MOBOTIX Japanのネットワークカメラシステム 三菱電機インフォメーションテクノロジー株式会社「ネカ録」 三菱電機のRFIDを使ったキャビネット管理システム

 株式会社サンワは、最大積載量100kgの物流用バッテリ式階段運搬車「スピージィ」、災害時の歩行困難者の避難に使える非常用階段避難車「キャリダン」を出展。駅や銀行、諸官庁、学校などに導入されているそうだ。

 株式会社ロゴス コーポレーションは、本棚サイズの緊急持ち出しセットを出展。水、応急、避難、衛生、トイレなどカテゴリー別になっている。エマージェンシー・セットは、棚の奥などに入れてしまいがち。だが身近な本棚に収納されているのであれば、いざというときにパッと取り出せそうだ。

株式会社サンワブース 物流用バッテリ式階段運搬車「スピージィ」 収納可能な非常用階段避難車「キャリダン」
ロゴス コーポレーションブース 本棚サイズの緊急持ち出しセット カテゴリー別になっている

 株式会社ドウシシャは、エデュテイメント商品しゃべる地球儀の最新型「パーフェクトグローブ エリート」を出展。従来の機能に加えて、3.5インチのディスプレイを本体にも搭載し、ネット接続で最新情報にアップデートできるという。またWi-Fi接続環境ではリアルタイムに世界約55カ所のカメラ映像を見たり、天気情報を得ることができるという。なお同商品は開発中であり、実際の商品とは内容が変わる可能性があるとのことだ。

 そのほか、株式会社キングジムの「ポメラ」や、マルマン株式会社のビジネス用メモ帳「ニーモシネ ノートパッド」など、「第18回日本文具大賞」を獲得した各商品などもブースで出展されていた。

「パーフェクトグローブ エリート」。
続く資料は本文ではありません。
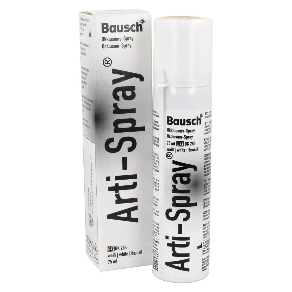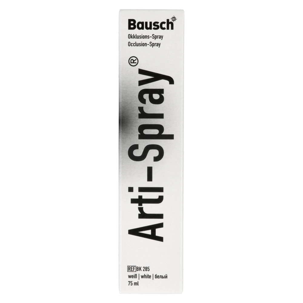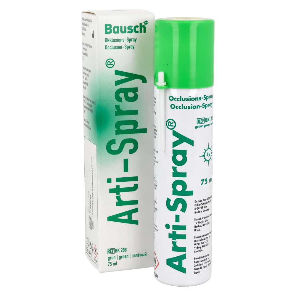 Bausch Arti-Spray to wysokiej jakości spray artykulacyjny przeznaczony do dokładnej kontroli kontaktów okluzyjnych oraz dopasowania prac protetycznych. Tworzy cienką, jednorodną warstwę barwną, która umożliwia natychmiastową identyfikację punktów kontaktowych poprzez jej selektywne ścieranie w miejscach nacisku. Produkt znajduje zastosowanie zarówno w praktyce klinicznej, jak i w laboratoriach protetycznych, stanowiąc niezastąpione narzędzie w nowoczesnej diagnostyce okluzji.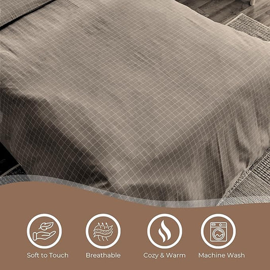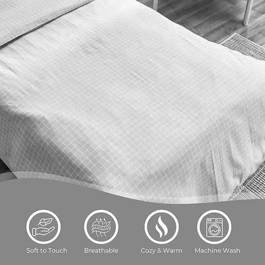 Smokey Dobby Checked Bedsheet with Pillow Cover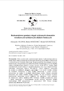 Celem artykułu jest zaprezentowanie metody bezdotykowego pomiaru postaci drgań własnych izolowanych elementów konstrukcyjnych silników turbinowych z wykorzystaniem wibrometru laserowego. Badaniom poddano dwa dostępne elementy konstrukcyjne: zintegrowaną tarczę turbinową silnika rozruchowego AI-9 oraz łopatkę wieńca wentylatorowego sprężarki niskiego ciśnienia silnika RD-33. Pomiary drgań rezonansowych przeprowadzono w sposób bezdotykowy przy użyciu dopplerowskiego wibrometru skanującego Polytec PSV-400-3D. Tarczę turbinową zawieszono do pomiaru na podatnych odciągach, zapewniając w ten sposób warunki zbliżone do warunków swobodnych. Z kolei łopatkę zamocowano w sposób sztywny, umieszczając jej stopkę w szczękach nieruchomego zacisku. Opisano procedurę pomiarową oraz zasadę działania użytej aparatury. W celu weryfikacji wyników pomiarowych opracowano modele dyskretne obu elementów, które posłużyły do numerycznej analizy modalnej (MSC Software). Modele geometryczne tarczy i łopatki opracowano z wykorzystaniem technik inżynierii odwrotnej. Modele strukturalnego MES przygotowano w preprocesorze MSC Patran, stosując dyskretyzację elementami bryłowymi. Częstotliwości podstawowych postaci rezonansowych zbadanych doświadczalnie porównano z częstotliwościami analogicznych postaci numerycznych. Analiza porównawcza jest punktem wyjścia do kalibracji modeli numerycznych, które w kolejnym etapie badań będzie można wykorzystać do określania krytycznych prędkości obrotowych wirujących elementów.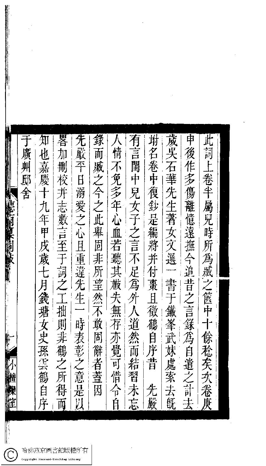 | (PRINT FRIENDLY VERSION) 小檀欒室彙刻閨秀詞﹕十集一百種一百卷(清徐乃昌輯) : 聽雨樓詞﹕二卷。清光緒二十二年(1896)南陵徐氏刻本。 ![]() Page : 聽雨樓詞.序.1b | click for larger image | 小檀欒室彙刻閨秀詞﹕十集一百種一百卷(清徐乃昌輯) : 聽雨樓詞﹕二卷。清光緒二十二年(1896)南陵徐氏刻本。![]() Page : 聽雨樓詞.序.1a | click for larger image | Back |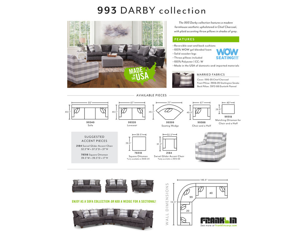 One of the critical features of the Darby 993 Sofa is its versatility. It can be enjoyed as a sofa collection or transformed into a sectional by adding a wedge. This allows you to customize the seating arrangement based on your needs and preferences, making it perfect for any occasion.

液晶ディスプレイが付いた ヒット商品となったキングジム「ポメラ」

 「第18回日本文具大賞」受賞のなかで、筆者が個人的に面白いと思ったのはデザイン部門で優秀賞を獲得した、株式会社PlasticArtsの「M-pad」だ。CDやDVDのディスクカバーで、記録面の片面のみにつける。ワンタッチで着脱でき、カバーをつけたCD・DVDは中央部のスタッキング機能を使って積み重ねることもできる。カバー表面にイラストや写真などをプリントすることもできる。実際に試したところ、本当に簡単に着脱できた。現在、同社のオンラインショップのほか、タワーレコードや一部ショップでテスト的に販売している段階だという。

 最近はUSBメモリがだいぶ安価になったが、いまも取材の資料などはディスクで渡されることは少なくない。他人にディスクを渡すときにはどうしてもカバーがいる。通常のケースはかさばってしまうが、これはおそらくミニマムサイズだろう。保存するには向かないかもしれないが、一時的にディスクを扱う必要があるときには良いのではないかと思った。なお同社では他にもコレクター向けディズプレイフィギュアなども作成している。

ディスクカバー「M-pad」。カバーには印刷も可能 スタックできる 同社のオンラインショップでも購入可能

 最初に述べたとおり、残念ながら同展ではロボット関連商品はおろか、ロボットをモチーフにした商品類も見かけることができなかった。だがいっぽうで、動くものはかなり大勢の人の注目を集めていた。おそらく、たとえば数社共同でロボット関連が何かしら出展されていれば、かなりの人たちの注目を集めたに違いない。不況の影響もあるのだろうが、「ピンチはチャンス」とも言う。他業界の展示会にも積極的に足を運んでほしい。